Potash Corp. of Saskatchewan Inc. made the surprise appointment of a new chief executive officer with no fertilizer experience as the miner trudges through one of its most difficult periods in its history.
Jochen Tilk, the former chief executive of Inmet Mining Corp., has worked in the Canadian mining industry for more than 25 years and is recognized as a skilled operator who built his company into a respected metal producer.
But Mr. Tilk is unknown in the potash industry, where a handful of players have held sway over prices for decades and built their market share through negotiated deals with fast-growing economies like China and India.
He will become CEO as the Saskatoon-based company struggles to adjust to lower potash prices after Russian-based producer OAO Uralkali ended a partnership with its Belarus rival, a cartel-like arrangement to sell the fertilizer.
Before the breakup, the Russian-Belarussian union along with Potash Corp. and its North American equivalent called Canpotex Ltd. controlled 70 per cent of the global potash market.
At Inmet, Mr. Tilk “did a good job of overseeing operations and I’m not sure that operations is the key issue [at Potash]. Marketing is key,” said Raymond Goldie, an analyst with Salman Partners.
It is unclear how Mr. Tilk will steer Potash Corp. when he replaces departing chief executive Bill Doyle in July.
Mr.
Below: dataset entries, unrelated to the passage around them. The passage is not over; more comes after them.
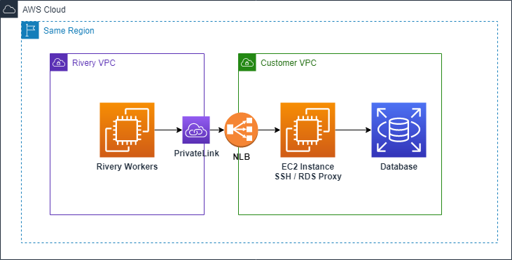 whitelistit in your Endpoint service (depending on the region):arn:aws:iam::012922587834:root– for EU (eu-west-1.console.rivery.io) and US (console.rivery.io)arn:aws:iam::339713088687:root– for Israel (il-central-1)arn:aws:iam::772591076045:root– for Australia (ap-southeast-2)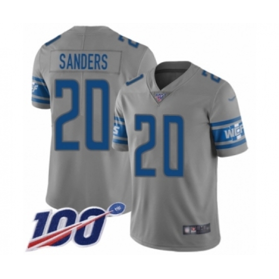 >Men's Detroit Lions #20 Barry Sanders Limited Gray Inverted Legend 100th Season Football Jersey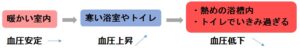 ヒートショックとは、この急激な温度差により血圧が大きく変動することで失神や心筋梗塞、脳梗塞などの疾患を引き起こし、身体へ悪影響を及ぼすことです。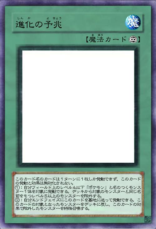 | このカード名のカードは1ターンに1枚しか発動できず、このカードの発動と効果は無効化されない。 ①:自分フィールド上のレベル4以下「ポケモン」と名のつくモンスター1体を対象に発動できる。デッキから対象のモンスターと同じ名前をもつレベル5以上のモンスターを除外する。 ②:自分エンドフェイズにこのカードを墓地に送って発動できる。このカードの対象となったモンスターをデッキに戻し、このカードの効果で除外したモンスターを特殊召喚する。 | |||

Doyle is a legend in the fertilizer industry, having worked for the Canadian miner for 27 years. Mr. Doyle successfully blocked a hostile bid from Anglo-Australian mining giant BHP Billiton.
He was enraged after Russia’s Uralkali killed its marketing partnership to increase sales volumes at the expense of potash prices, calling it “the single dumbest thing that I have ever seen.”
With Mr. Doyle staying until mid-2015 to help with the transition, analysts expect the company to initially maintain its strategy of pricing over volume.
But at some point, Mr. Tilk will have to decide whether to follow Uralkali’s lead and boost Potash Corp.’s sales to gain market share.
Mr. Tilk and Mr. Doyle did not respond to a request for comment.
Since the Russian-Belarus alliance ended, Potash Corp.’s quarterly profits have dropped and it has had to accept lower prices for its crop nutrients. The company’s latest quarterly profits dropped 46 per cent.
Canpotex, which includes Potash Corp., Calgary-based Agrium Inc. and U.S.-based Mosaic Co., recently agreed to a 25-per-cent price cut to supply India with potash at $322 a tonne. Earlier in the year, Canpotex took a similar cut when it negotiated a semi-annual contract with the Chinese, according to analysts.
It is not known whether Mr. Tilk will also replace Mr. Doyle as the chairman of Canpotex. Mr. Doyle will leave that position in July, according to the company.
Fertilizer is not traded on a public market. Therefore Potash Corp., Uralkali and the other producers involved in marketing arrangements had enormous influence over setting potash prices.
Even if Uralkali revives its partnership, the market is flooded with the crop nutrient, which will keep prices depressed.
“This may be a good opportunity for (Potash Corp.) to take another look at the merits of a volume-over-price strategy,” said Michael Levshin, analyst with Veritas Investment Research.
Mr. Tilk worked for Inmet for 25 years, rising through the ranks to become chief executive in 2009. Inmet owned the large Cobre Panama copper project in Central America before the company was taken over by First Quantum in a hostile bid that Mr. Tilk had unsuccessfully tried to stop.
The 50-year old Mr. Tilk left Inmet after it was acquired.
“He’s a really solid mining executive,” said Pierre Lassonde, chairman of Franco-Nevada, who worked with Mr. Tilk on a deal to buy future production from Cobre Panama.